BEARS 2019: Jennifer Listgarten

Machine learning for protein engineering

Berkeley Annual Research Symposium (BEARS) 2019

Jennifer Listgarten

Prof. Jennifer Listgarten in front of part of a 2D visualization of a machine-learning-extracted "latent" space which converts triplets of nucleotides (codons) into real-valued vectors--- part of her process in silico protein engineering.

Abstract

With the advent of more and more high-throughput technologies to measure protein properties of interest such as binding, expression, fluorescence, the time for machine learning to act synergistically with protein design is here. I will touch on two stories in this space. The first will be about how machine learning can be leveraged to improve CRISPR gene editing. The second will touch on how one can accelerate design/optimization of proteins with machine learning approaches--- a sort of in silico approach to the method of Directed Evolution, which won the 2018 Nobel prize in Chemistry.

Biography

Jennifer Listgarten is a Professor in the EECS department and Center for Computational Biology, a member of the steering committee for the Berkeley AI Research (BAIR) Lab, and a Chan Zuckerberg investigator.  From 2007 to 2017 she was at Microsoft Research and before that, earned a PhD in the machine learning group at the University of Toronto.  Her expertise is in machine learning, applied statistics and computational biology.
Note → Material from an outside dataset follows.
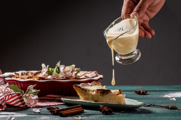 Homemade Apple pie with cinnamon on rustic background. vanilla cream pouring on stack of piece

She is interested in both methods development as well as application of methods to enable new insight into basic biology and medicine.  Current areas of interest include: computational methods for protein design/engineering for properties such as expression, flurorescence, binding, stability, etc.; similar methods applied to molecule design; drug repositioning and discovery; machine learning methods development, and in particular at the intersection of graphical models, neural networks and variational inference, as well as inverting black box probablistic functions to perform input optimization of probabilistic functions; genetic association studies with complex, high-dimensional traits such as image volumes over time.